The JST of Galatians 4:12 says, “Brethren, I beseech you to be perfect as I am perfect; for I am persuaded as ye have a knowledge of me, ye have not injured me at all by your sayings.” But the KJV says, “Brethren, I beseech you, be as I am; for I am as ye are; ye have not injured me at all.” Paul never claimed to be perfect and no original document supports the JST of this verse. The context shows that Paul was concerned because these Gentile believers were keeping special days, etc., instead of trusting in Christ’s finished work on their behalf as the verses before this one state. So Paul told them to follow his example.

He also reminded them that even though he was a Jew, he had lived as a Gentile like them. So he was not asking them to do something he had not done himself. When he said they had not injured him at all, it was in reference to how well they cared for him when he first visited them and his eyesight was very bad as verses 13 through 15 clearly show. It had nothing to do with something the Galatians said, as the JST states in verse 12.

Hebrews 13:5 in the KJV says, “Let your conversation [manner of life] be without covetousness, and be content with such things as ye have; for he hath said I will never leave thee nor forsake thee.” But the JST says, “Let your consecrations be without covetousness; and be content with giving such things as ye have; for he hath said, I will never leave thee nor forsake thee.” Obviously the message is totally changed. The original text and all good translations caution believers to watch how they live and not allow covetousness or greed to control their lives but to be content with what they have since the Lord promised to be with them. But the JST says “Let your consecrations be without covetousness.” To consecrate something is to set it apart for a sacred purpose, so it is difficult to understand how someone could covet what they had consecrated! Then the JST says to be content in giving such things as you have. When Smith inserted consecration and giving into this verse, he must have been thinking about his revelations in the Doctrine and Covenants, where he claimed that God wanted the LDS people to consecrate all of their property to the Church and then the Church would give them what they needed to live on.

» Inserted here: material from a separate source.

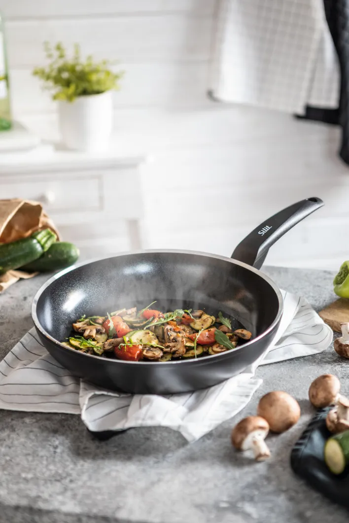 Die runde Pfanne ist mit der Antihaftversiegelung CeraProtect ausgestattet, zudem ist das Aluminium hitzebeständig. Sie ist für alle Herdarten geeignet, auch für Induktionsherde. Auffällig ist ihr ergonomisch geformter Griff. Er liegt sehr gut in der Hand und bildet so einen optimalen Hebel, um die Pfanne zu bewegen. Da die Stielpfanne MESSINO 6 cm hoch ist, haben Sie reichlich Platz für Gemüse, Fleisch sowie Nudeln oder Reis, die hier mitgebraten werden sollen. Durch die Beschichtung gelingen auch Eierspeisen und Pfannkuchen.

Mormons often quote “Faith without works is dead” (James 2:20 in the KJV) to support their belief that “it is by grace that we are saved, after all we can do” (II Nephi 35:23 in the Book of Mormon). The KJV of James 2:20 was rearranged in the JST so it became James 2:18 and says, “Therefore wilt thou not know O vain man, that faith without works is dead and cannot save you.” In the original text James 2:14-20 is about someone in need of clothes and food and it says that it is not enough for a believer to say “be warmed and filled.” The Christian should show his faith by what he does.

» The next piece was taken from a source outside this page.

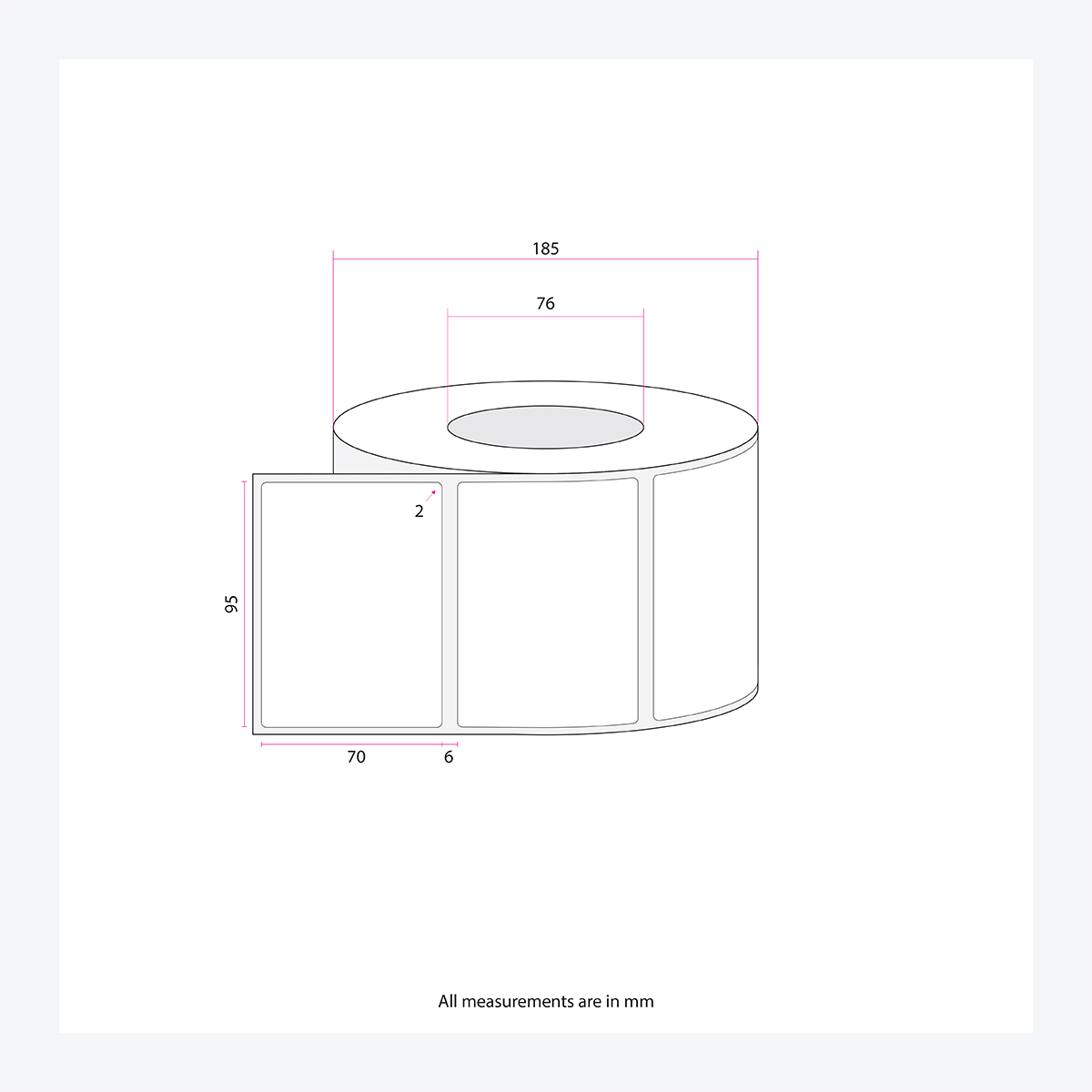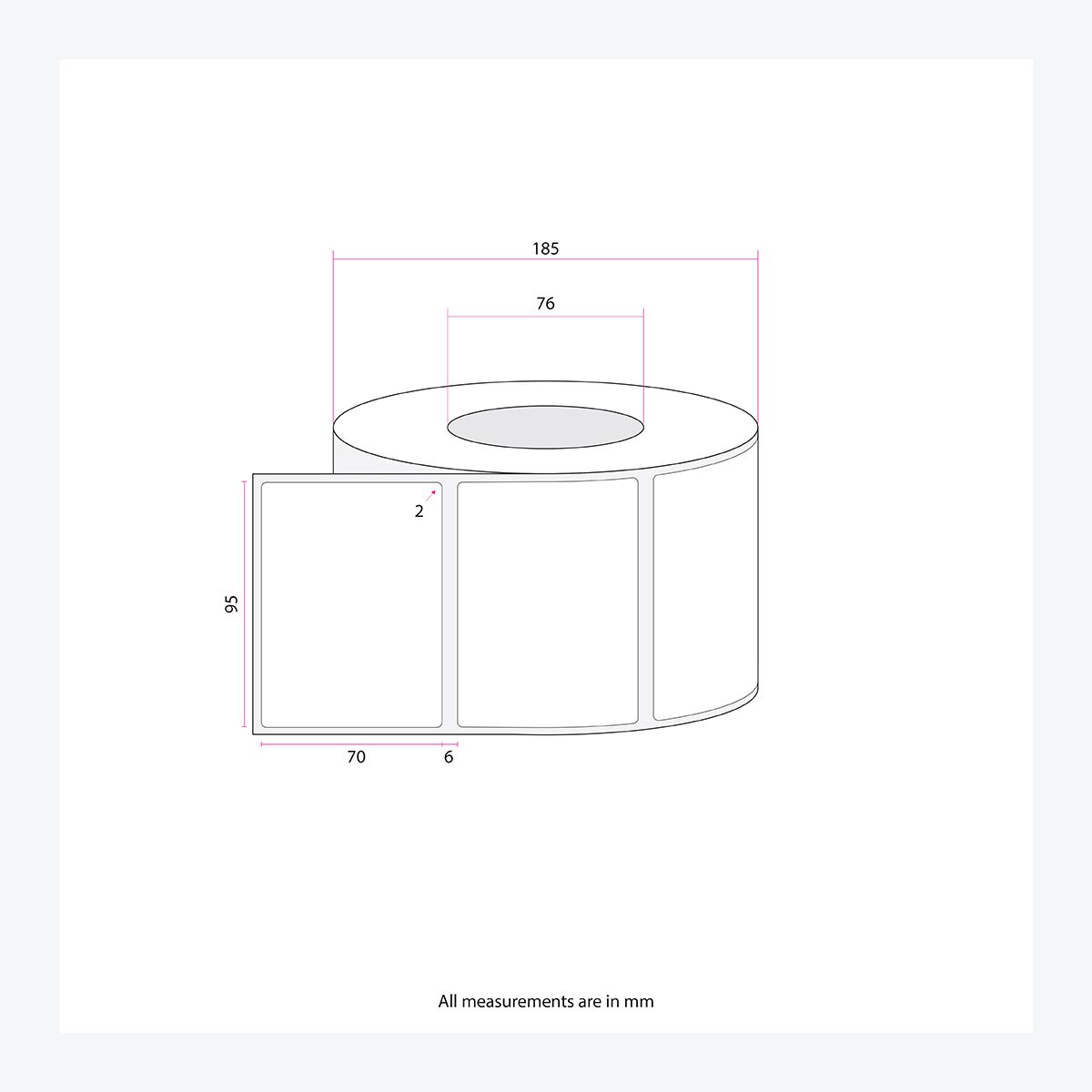 White Synthetic Self-Adhesive Labels 95x70mm are synthetic thermal transfer label rolls for durable printing of pricing, barcodes, and plant or product information. They feature a permanent aggressive adhesive for waterproof indoor and outdoor use, are supplied one per view on rolls, and allow selection of quantity and print options.

So James 2:18-20 in the original and all real translations is about how believers “show” their faith by their deeds. Faith, like love can’t be seen, but the evidence of it is seen in what people do. But the JST in James 2:18 tries to make works a requirement for spiritual salvation, which is contrary biblical texts like Titus 3:5, “Not by works of righteousness which we have done, but according to His mercy, He saved us, by the washing of regeneration, and renewing of the Holy Spirit.” Many other biblical texts like Romans 5:6, 8, Ephesians 2:8-10, etc., also make it very clear that it is not what we do that saves us, but what Christ did for us.